• **TASK DIRECTIONS**:
Once the line holding "자연수 x를 최대 힙을" is found in the entries below, transcribe exactly every line up to and including the one holding "Partnerstadttreffens im August", but leave out the pictures.

• **EXERCISE DATA**:
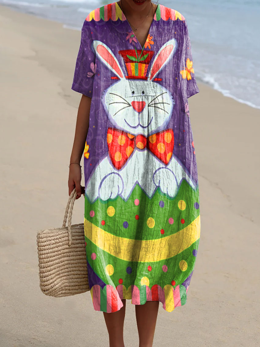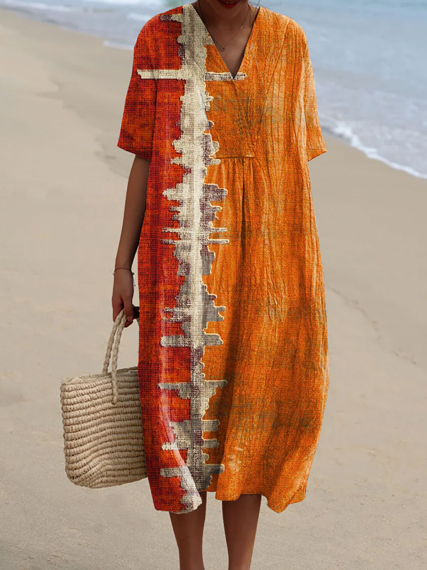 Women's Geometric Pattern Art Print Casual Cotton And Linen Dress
* * *
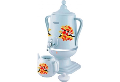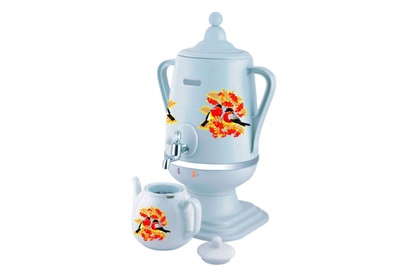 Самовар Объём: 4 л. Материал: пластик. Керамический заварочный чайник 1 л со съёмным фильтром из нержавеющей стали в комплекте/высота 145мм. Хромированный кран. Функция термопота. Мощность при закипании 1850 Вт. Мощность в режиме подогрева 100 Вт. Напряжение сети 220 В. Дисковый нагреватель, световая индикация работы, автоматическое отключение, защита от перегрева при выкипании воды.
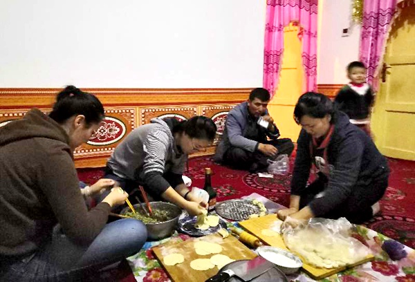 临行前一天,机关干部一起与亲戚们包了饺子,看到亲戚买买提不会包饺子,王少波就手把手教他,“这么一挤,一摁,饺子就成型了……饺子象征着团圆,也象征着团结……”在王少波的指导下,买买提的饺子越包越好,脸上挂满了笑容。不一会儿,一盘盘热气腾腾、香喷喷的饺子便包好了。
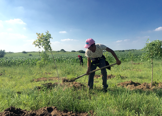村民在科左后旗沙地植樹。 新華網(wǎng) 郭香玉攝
==
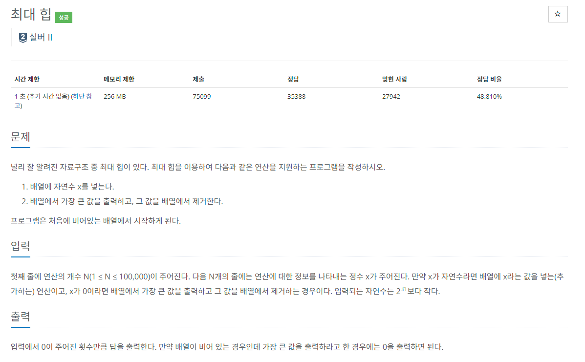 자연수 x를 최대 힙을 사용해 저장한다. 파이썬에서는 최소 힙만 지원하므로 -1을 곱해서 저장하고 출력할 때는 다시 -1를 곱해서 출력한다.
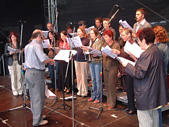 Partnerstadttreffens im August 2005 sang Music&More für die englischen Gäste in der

• **EXERCISE SOLUTION**:
 자연수 x를 최대 힙을 사용해 저장한다. 파이썬에서는 최소 힙만 지원하므로 -1을 곱해서 저장하고 출력할 때는 다시 -1를 곱해서 출력한다.
 Partnerstadttreffens im August 2005 sang Music&More für die englischen Gäste in der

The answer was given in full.